Under the Nakba Tree, by Edmonton author Mowafa Said Househ, is not the usual distanced “objective” narrative on Palestine, Israel and Canada that western audiences might often hear and read in the news. Told from the first-person perspective of someone whose entire life has been impacted by an unfolding tragedy, Househ’s story centres indigenous Palestinian voices and experiences when relating the impact of the 1948 Nakba—the destruction of Palestinian society by Zionist militias—on himself, his family and an entire Palestinian-Canadian generation born in exile. In doing so, Househ exposes the fragility of settler-colonial states built on stolen Indigenous land.

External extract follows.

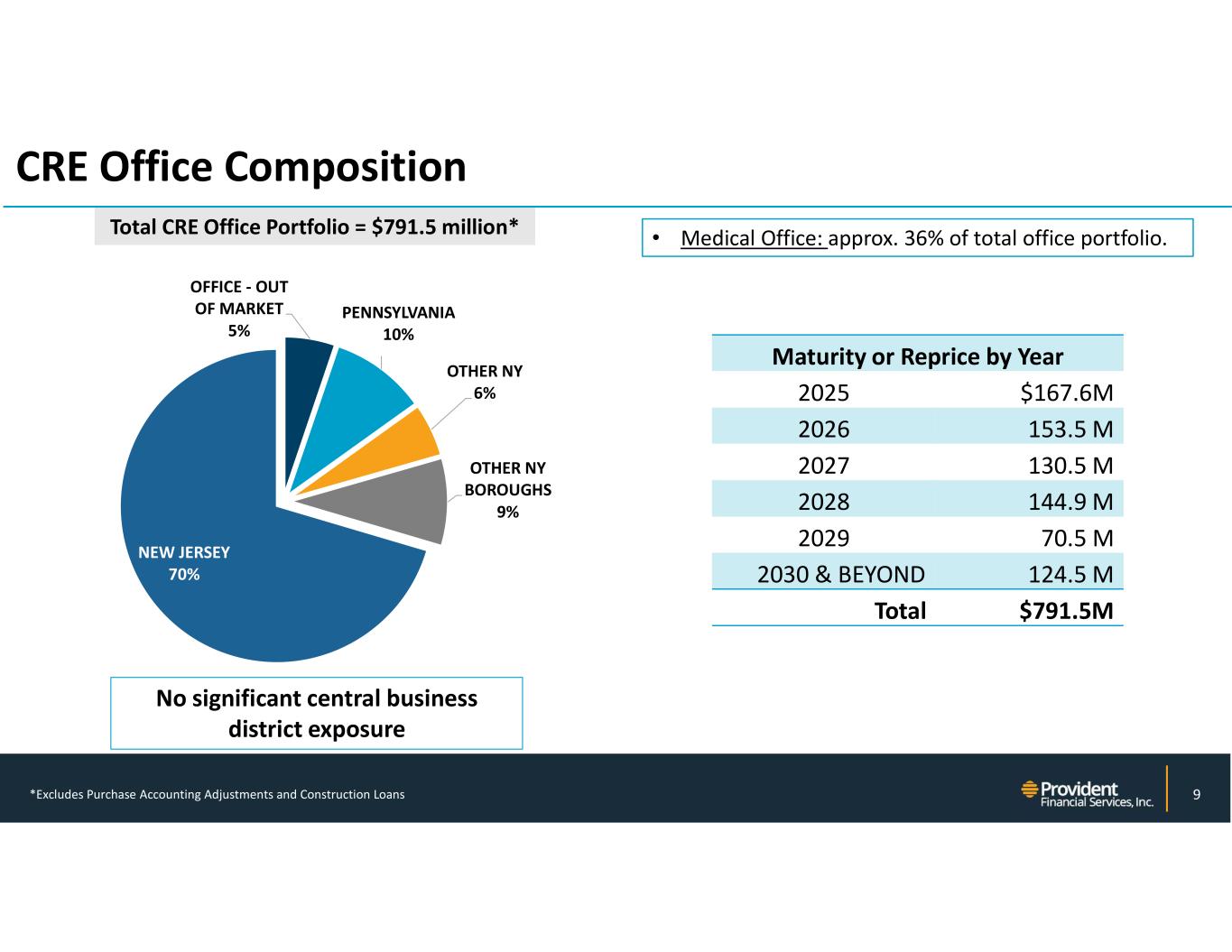 NYSE: PFS Multi-family Composition (NY and Rent Stabilized sectors) 8 OTHER NY BOROUGHS 47% OTHER NY STATE 43% MANHATTAN 10% Total NY Multi-family Loans = $501.7 Million Total multi-family loan portfolio: $3.58 Billion • Of the total, 95 Loans on multi-family properties in the five boroughs of NYC, aggregate outstanding $286.7 million, with an average loan size of $3.0 million. Rent stabilized loan portfolio: <0.87% of total loan portfolio • All performing • Largest loan: $41.3 million with 63% LTV and 1.38x DSCR Multi-family balances by origination Year: • NY 2025 loans: $45.0 MM • NY 2024 loans: $37.0 MM • NY 2023 loans: $97.1 MM • NY 2022 loans: $124.0 MM • NY 2021 and prior loans: $198.6 MM • All Multi-family 2025 loans: $264.7 MM • All Multi-family 2024 loans: $262.3 MM • All Multi-family 2023 loans: $412.3 MM • All Multi-family 2022 loans: $633.6 MM • All Multi-family 2021 and prior loans: $2.01 B *Excludes Purchase Accounting Adjustments and Construction Loans

Househ’s vividly told story begins one hot summer night in Palestine in 1948 when his grandmother Nima, together with her nine children, fled the horror inflicted on her hometown. The Israeli order said that “the inhabitants of Lydda must be expelled quickly, without regard to age.” Along the way to exile, facing “exhaustion, thirst, hunger and uncertainty,” Nima abandoned her six-month-old baby, Said, Househ’s father, hoping someone would find him and care for the baby. A few minutes later Nima reconsidered her decision and sent two of her sons to retrieve the infant, and their journey into the unknown continued. In that journey at least 335 civilians died on the road. Nima and her children were lucky to arrive at the El Hussein refugee camp in Jordan, and then eventually in Alberta, over 10,000 kilometres away from Lydda.

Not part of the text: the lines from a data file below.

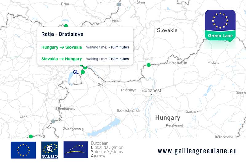 The Galileo Green Lane app being used for the border of Ratja, Hungary, and Bratislava, Slovakia. (Screenshot: ©European GNSS Agency)
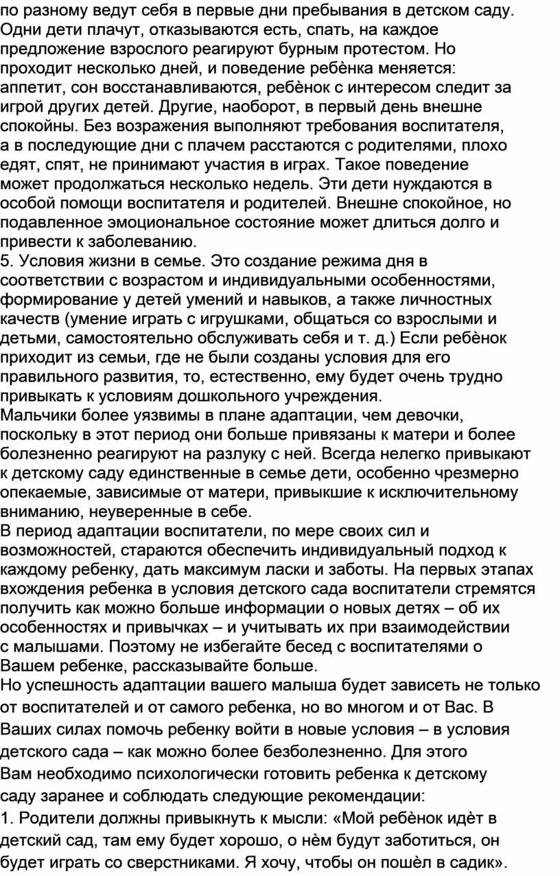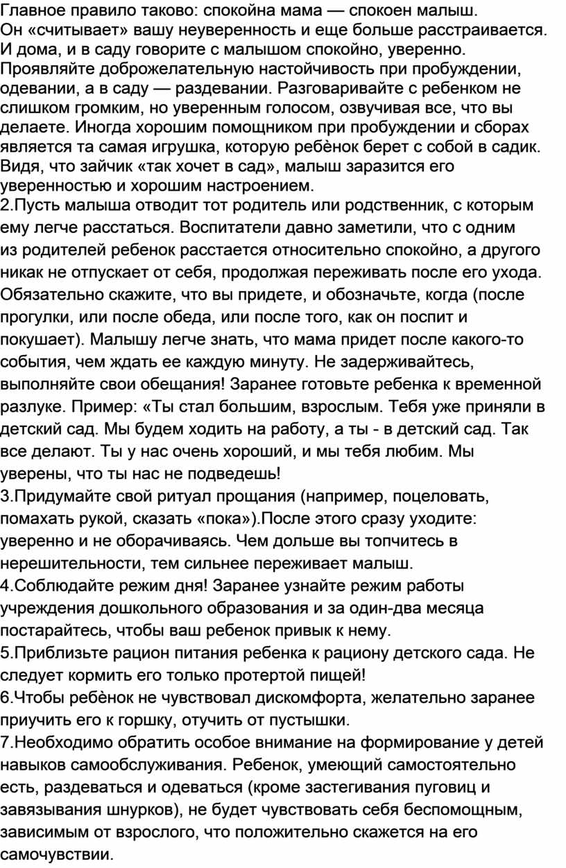 затрудняют адаптацию ребенка к детскому саду.Чего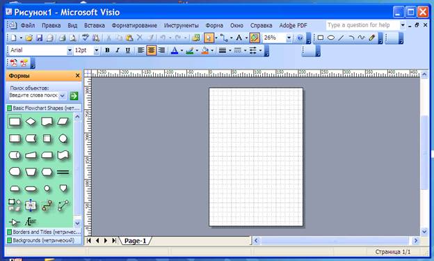 Трафарет, который содержит нужные фигуры, расположен в окне Формы слева от страницы документа. Страница документа Visio отображается в виде бумажной страницы с нанесенной на нее сеткой, которая облегчает размещение фигур.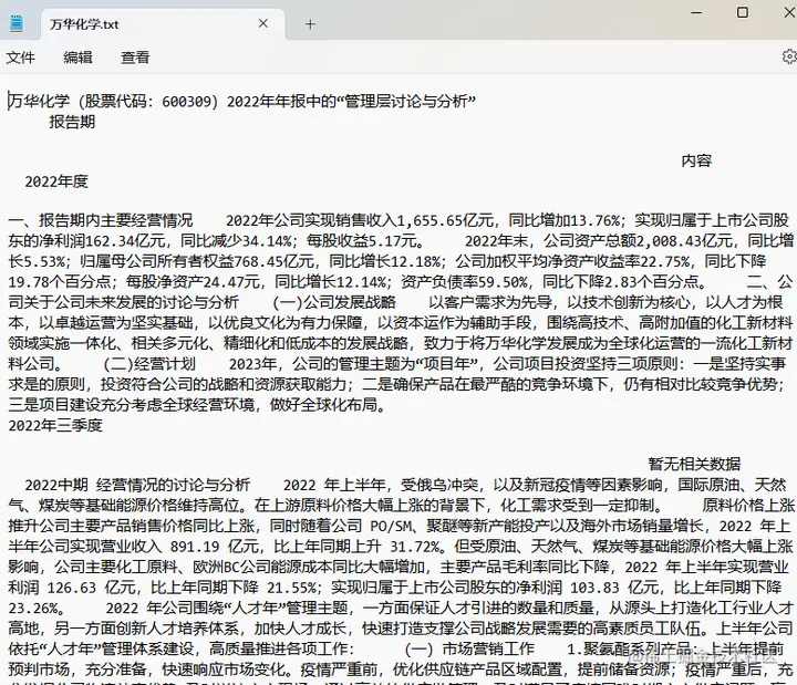 写一段Python代码,用AkShare库获取万华化学2022年年报中的“管理层讨论与分析”,然后保存到d盘的万华化学.txt

This story of growing up as an Arab Muslim in Alberta is both inspiring and unexpectedly gloomy. Bullied as a child, Househ heard his father called racist names and saw Al-Rashid mosque vandalized in the 1990s. At university, where Househ got a Ph.D. in health information science, his political awareness grew. In often searing prose, he recounts a journey back to his homeland, where, he writes, “Witnessing life under occupation in Palestine burned [a] need to heal into my mind, just as the grief and fear I felt standing outside our vandalized mosque as a teen in Edmonton remains in my heart.”
Told with empathy and moral courage, Under the Nakba Tree offers a refusal of the Palestinian generation born in exile to let their history and rights disappear from political and domestic conversations. Published on the eve of the 74th anniversary of the Nakba, this story offers a narrative of survival and resistance—a refutation of past and current inequality, discrimination and injustice. By opting to stand up and tell his story, Househ does not hide or swallow the humiliation but instead spits it out.
Ghada Ageel teaches political science at the U of A.